I have written about the mischaracterization of conventional –or traditional–math many times.   My main message is that the underlying concepts were in fact taught, and students were then given practice applying the various algorithms and problem solving procedures.  I have provided evidence of such explanations in excerpts from the math textbooks in use in the 20’s through the 60’s. Yes, the books required practice of the procedures, but they also showed the alternatives to the standard algorithms.  These were presented after mastery of the standard algorithms as a side dish to the main course.  These alternative methods are by and large the same methods that are taught today under the rubric of “Common Core Math”.  The difference is that the alternatives are generally taught before the standard algorithm in the belief that teaching the standard algorithm first eclipses the understanding of the “why and how” of the procedures.  Delaying the teaching of the standard algorithm by requiring students to use inefficient and often confusing techniques (in the name of “understanding”) can result in a confusion of what is the side dish and what is the main dish. The beauty and simplicity of the standard algorithm is lost among a smorgasbord of techniques that leave students more confused than enlightened.
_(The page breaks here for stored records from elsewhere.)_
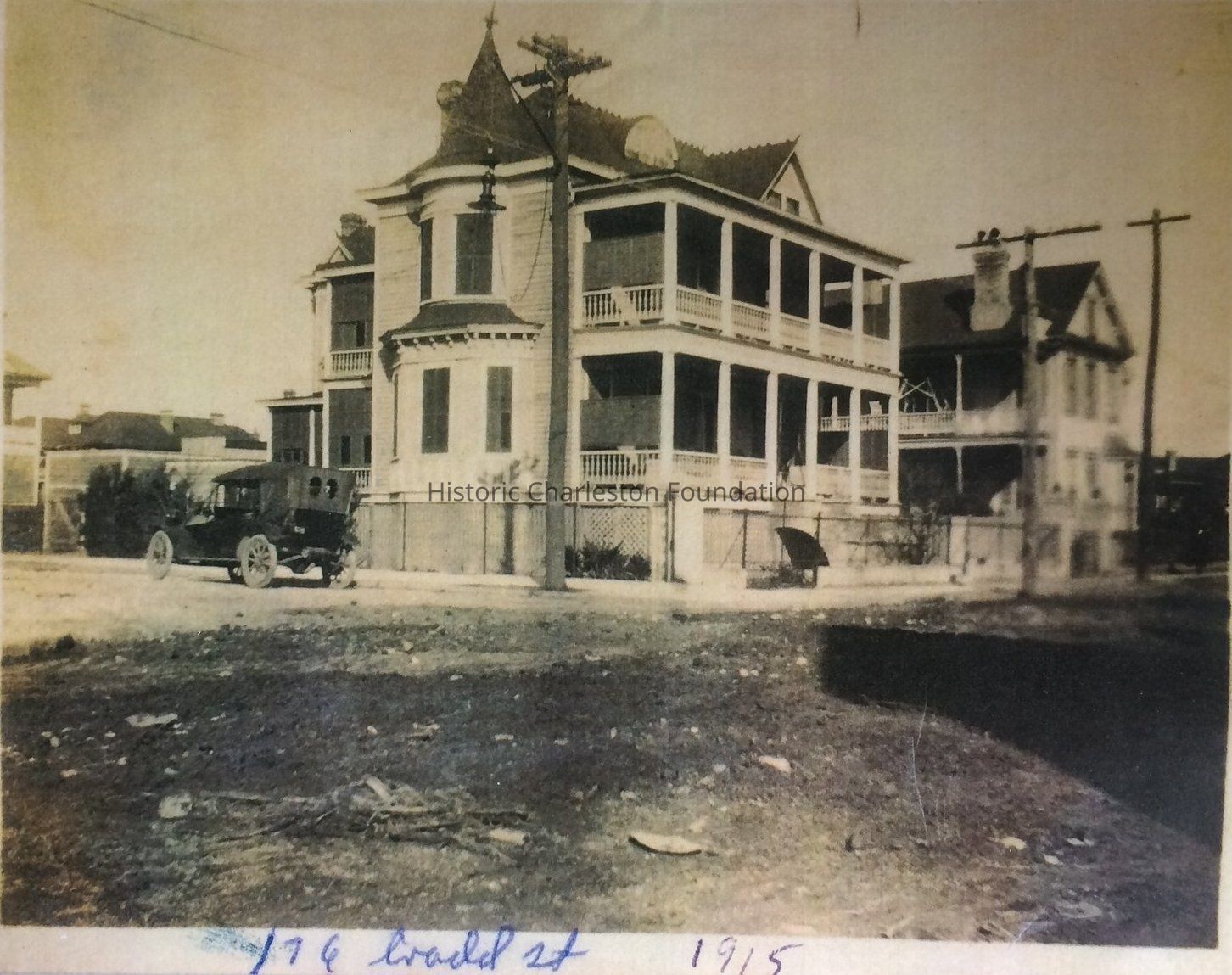 Photograph (scan) of 176 Tradd Street in 1915. Oblique of the original house on the property, showing the south (front) and west elevations. Also shows 174 Tradd, the street corner (Tradd and Colonial Streets), and a car parked on Colonial Street. The house was demolished in the early 1970s and replaced by a townhouse.Collection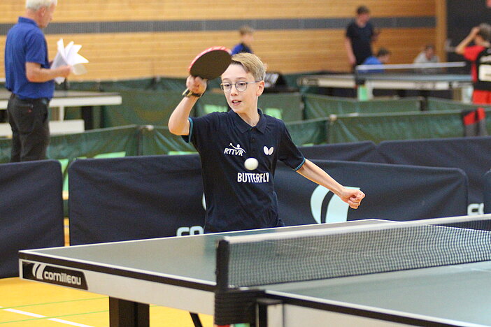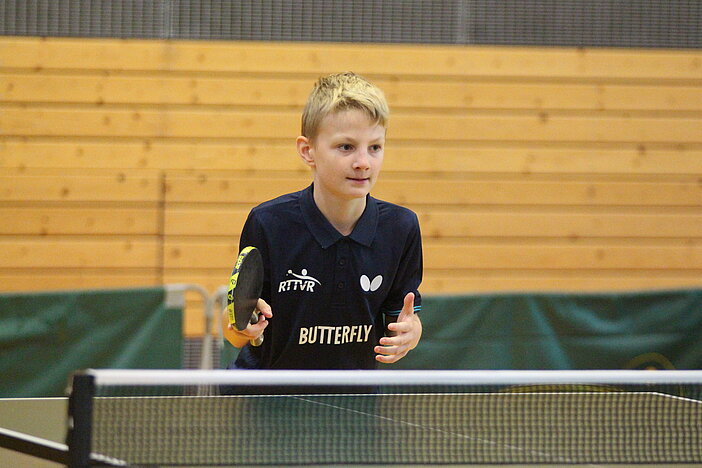Überraschend stark präsentierte sich auch Levi Schleinat (ebenfalls TuS Rot-Weiss Koblenz), der mit seiner Abwehrstrategie und gezielt eingestreuten Angriffsschlägen den zweiten Platz mit einer 5:2-Bilanz errang. „Levi hat eine hervorragende Leistung gezeigt. Seine Mischung aus Abwehr und Angriff hat viele Gegner vor Probleme gestellt“, lobte Füzi.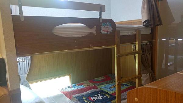 客廳的右邊是上下鋪,每張床都有小燈跟布簾,可以分隔成自己的小天地。面對著的就是小冰箱和衣櫃。小冰箱裡面每人有一瓶水和舒跑,還有一些茶包、即溶咖啡跟小餅乾。衣櫃裡面放了毛巾、浴巾、盥洗用品。基本上除了室外拖鞋之外,甚麼都不用帶就可以來住了。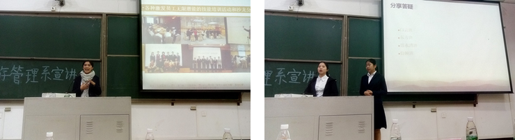 图三、图四:2013级东方班杨文琪以及2014级白云班徐小群、梁静银向师弟妹们分享实习经历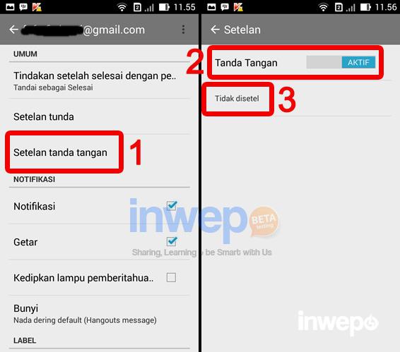 Buka menu Settings – Ketuk akun e-mail – ketuk menu signature – Geser tombol setelan mati menjadi aktif – Ketuk menu dibawahnya untuk menuliskan isi tanda tangan.

In short, the ideas expressed in the two articles referenced above represent the groupthink that pervades education schools and other forms of the education establishment. The prevailing mode of thought views drills, practice and the learning of procedures as “rote learning” and prevents true “understanding”. If students “understand”, then everything else follows–the corollary of which is that understanding must come before procedure.

What is left out of such pronouncements is the difference between novice and experts. There are levels of understanding as one goes through school, and depending where one is on the spectrum between novice and expert, the level of understanding may be deep, shallow, or in between.  Procedural understanding is a level of understanding, but students who are at such level are sometimes referred to as “math zombies”.  This term is is relatively current but is what Lahey and others think is the end result of “conventional math.”  And unfortunately, their view seems to rule the roost.

For more on the notion of “understanding” and traditional math see here, and here.  Tell your friends.  Then hire a tutor.




One thought on “The Flawed Approach of Traditional Math, Dept.

  1. “Jason Zimba, one of the main writers of the Common Core math standards, explains to The Hechinger Report, that the standards enable a freedom for curriculum authors to interpret the standards in numerous ways. ‘There will be a lot of variety, and it doesn’t make sense to me to pick one thing and say it’s the Common Core,’ he asserts.”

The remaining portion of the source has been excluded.